Suu Kyi, who has been confined for 13 of the past 19 years, faces an additional five years for breaching the terms of her house arrest after the May intrusion by Yettaw.

Her housemaids face similar charges for facilitating Yettaw's uninvited visit, and Yettaw himself has been charged with violating the terms of his visa and swimming illegally in Inya Lake.

Lawyers presented their final arguments in Suu Kyi's case on Friday. It is not yet known when the court will issue its verdicts in the four cases.

The Nobel Peace Prize laureate has been accused of breaking the terms of her detention by allowing Yettaw to enter her compound without informing the authorities.

On Friday, the special court in Insein Prison heard her chief lawyer U Kyi Win present the 30-page defence case that she was an innocent party to an intrusion that should have been prevented by her military guards.

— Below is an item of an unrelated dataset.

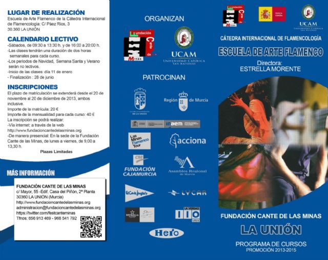 La primera de ellas se ha anunciado ya esta misma mañana, al quedar abierto el plazo de matrícula en los cursos de cante, baile, guitarra y percusión de la Escuela de Arte Flamenco a partir de mañana día 20 de noviembre. El mismo se cerrará el próximo 20 de diciembre. Los alumnos inscritos comenzarán las clases el próximo mes de enero tras las vacaciones de Navidad.
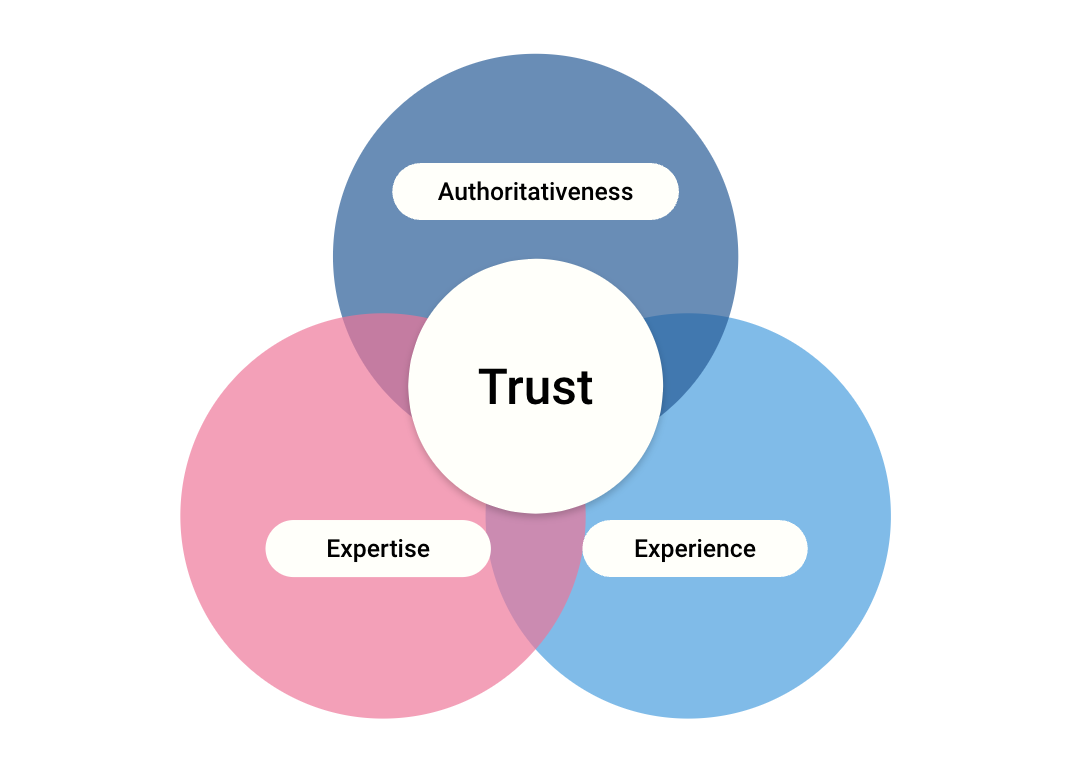 Experience, Expertise, and Authority all bubble up to higher levels of trustworthiness, which is stated as the most important criterion by Google.

Suu Kyi's legal team has asked why the authorities did not respond to Suu Kyi's earlier complaint when Yettaw first broke into her compound to try to contact her in November.

Critics of the regime consider Yettaw's intrusions an unintended gift to the junta, giving it an excuse to detain Suu Kyi after her previous six-year detention expired on May 27.

The military government is believed to want her confined until at least after elections planned for 2010.

Suu Kyi's National League for Democracy party won the 1990 general election by a landslide but has been blocked from power by Myanmar's junta for the past 19 years.

The new trial of Suu Kyi has sparked a chorus of protests from world leaders and even strongly-worded statements from Myanmar's regional allies in the Association of South-East Asian Nations.

US Secretary of State Hillary Rodham Clinton last week offered Myanmar improved relations if it released Suu Kyi, but there was no indication the junta would agree.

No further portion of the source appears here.